--- Available data Enclosed Below ---

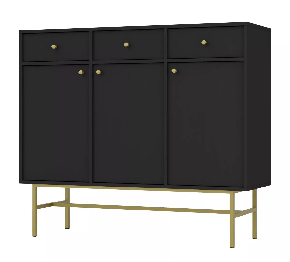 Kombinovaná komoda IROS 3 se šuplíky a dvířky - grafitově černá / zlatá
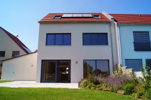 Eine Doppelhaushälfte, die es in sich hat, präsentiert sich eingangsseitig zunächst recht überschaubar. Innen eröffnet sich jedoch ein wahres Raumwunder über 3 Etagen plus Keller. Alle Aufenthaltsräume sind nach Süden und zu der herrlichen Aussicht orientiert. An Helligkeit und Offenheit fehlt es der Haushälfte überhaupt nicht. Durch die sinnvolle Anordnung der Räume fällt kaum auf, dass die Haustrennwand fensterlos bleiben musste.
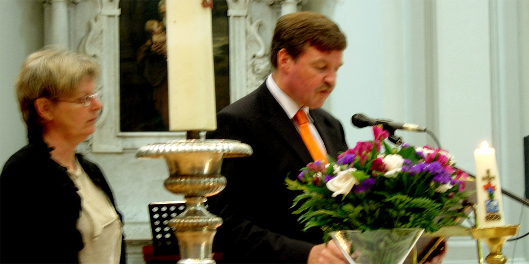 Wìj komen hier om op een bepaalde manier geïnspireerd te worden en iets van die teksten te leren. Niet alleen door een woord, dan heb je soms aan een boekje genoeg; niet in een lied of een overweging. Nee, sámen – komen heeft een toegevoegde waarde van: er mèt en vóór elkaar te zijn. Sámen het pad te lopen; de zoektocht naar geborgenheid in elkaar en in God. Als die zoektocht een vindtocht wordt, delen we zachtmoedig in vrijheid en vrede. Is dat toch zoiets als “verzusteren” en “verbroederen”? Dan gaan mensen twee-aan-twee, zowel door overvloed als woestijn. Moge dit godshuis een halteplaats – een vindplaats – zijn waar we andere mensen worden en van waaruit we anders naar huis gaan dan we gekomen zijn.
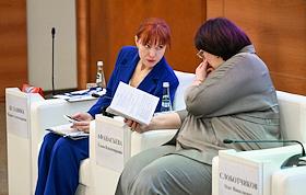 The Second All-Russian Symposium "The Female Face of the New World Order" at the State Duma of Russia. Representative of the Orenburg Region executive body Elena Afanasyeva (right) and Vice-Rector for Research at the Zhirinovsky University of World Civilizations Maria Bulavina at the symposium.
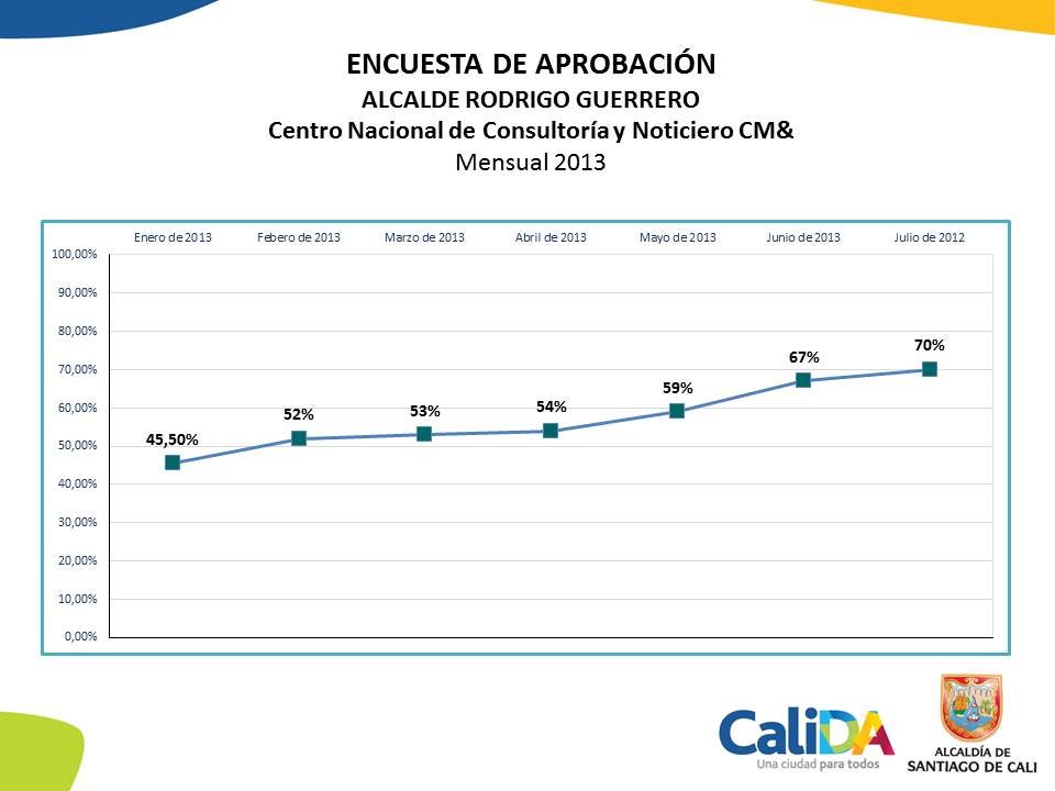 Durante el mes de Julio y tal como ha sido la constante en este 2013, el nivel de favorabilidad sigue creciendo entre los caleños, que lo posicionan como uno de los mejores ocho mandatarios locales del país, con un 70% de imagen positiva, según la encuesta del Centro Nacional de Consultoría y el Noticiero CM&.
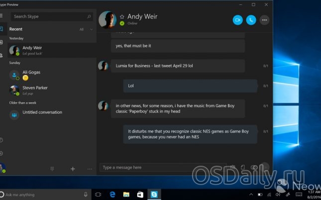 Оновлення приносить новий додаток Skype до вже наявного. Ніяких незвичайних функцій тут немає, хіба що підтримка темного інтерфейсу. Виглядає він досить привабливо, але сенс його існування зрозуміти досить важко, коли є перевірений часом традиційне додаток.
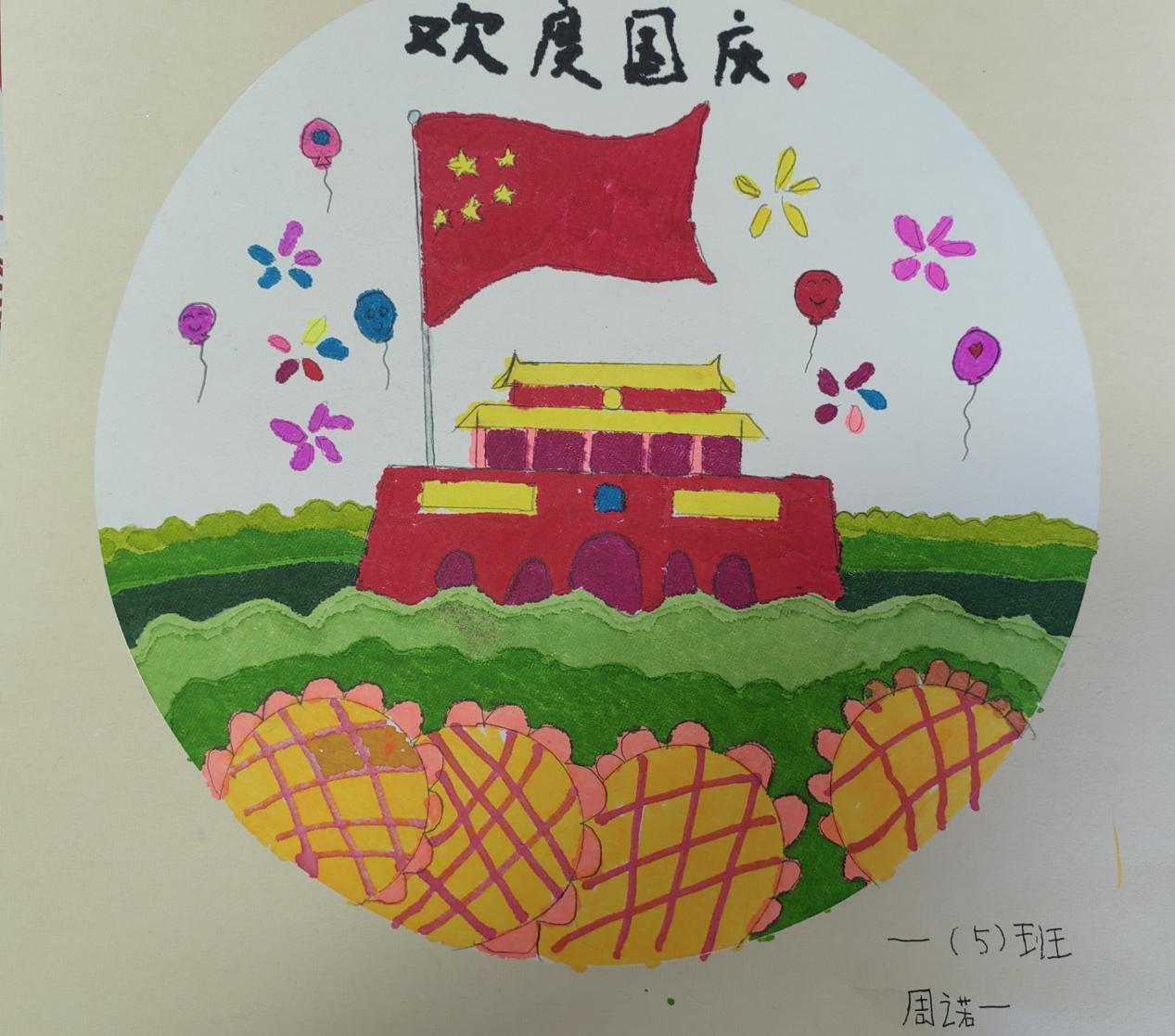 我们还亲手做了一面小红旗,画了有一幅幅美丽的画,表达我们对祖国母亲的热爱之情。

--- End of Enclosed Available data ---

> _Work task_:
From the first line to the last, output the records exactly without pictures.

> _Written answer_:
 Kombinovaná komoda IROS 3 se šuplíky a dvířky - grafitově černá / zlatá
 Eine Doppelhaushälfte, die es in sich hat, präsentiert sich eingangsseitig zunächst recht überschaubar. Innen eröffnet sich jedoch ein wahres Raumwunder über 3 Etagen plus Keller. Alle Aufenthaltsräume sind nach Süden und zu der herrlichen Aussicht orientiert. An Helligkeit und Offenheit fehlt es der Haushälfte überhaupt nicht. Durch die sinnvolle Anordnung der Räume fällt kaum auf, dass die Haustrennwand fensterlos bleiben musste.
 Wìj komen hier om op een bepaalde manier geïnspireerd te worden en iets van die teksten te leren. Niet alleen door een woord, dan heb je soms aan een boekje genoeg; niet in een lied of een overweging. Nee, sámen – komen heeft een toegevoegde waarde van: er mèt en vóór elkaar te zijn. Sámen het pad te lopen; de zoektocht naar geborgenheid in elkaar en in God. Als die zoektocht een vindtocht wordt, delen we zachtmoedig in vrijheid en vrede. Is dat toch zoiets als “verzusteren” en “verbroederen”? Dan gaan mensen twee-aan-twee, zowel door overvloed als woestijn. Moge dit godshuis een halteplaats – een vindplaats – zijn waar we andere mensen worden en van waaruit we anders naar huis gaan dan we gekomen zijn.
 The Second All-Russian Symposium "The Female Face of the New World Order" at the State Duma of Russia. Representative of the Orenburg Region executive body Elena Afanasyeva (right) and Vice-Rector for Research at the Zhirinovsky University of World Civilizations Maria Bulavina at the symposium.
 Durante el mes de Julio y tal como ha sido la constante en este 2013, el nivel de favorabilidad sigue creciendo entre los caleños, que lo posicionan como uno de los mejores ocho mandatarios locales del país, con un 70% de imagen positiva, según la encuesta del Centro Nacional de Consultoría y el Noticiero CM&.
 Оновлення приносить новий додаток Skype до вже наявного. Ніяких незвичайних функцій тут немає, хіба що підтримка темного інтерфейсу. Виглядає він досить привабливо, але сенс його існування зрозуміти досить важко, коли є перевірений часом традиційне додаток.
 我们还亲手做了一面小红旗,画了有一幅幅美丽的画,表达我们对祖国母亲的热爱之情。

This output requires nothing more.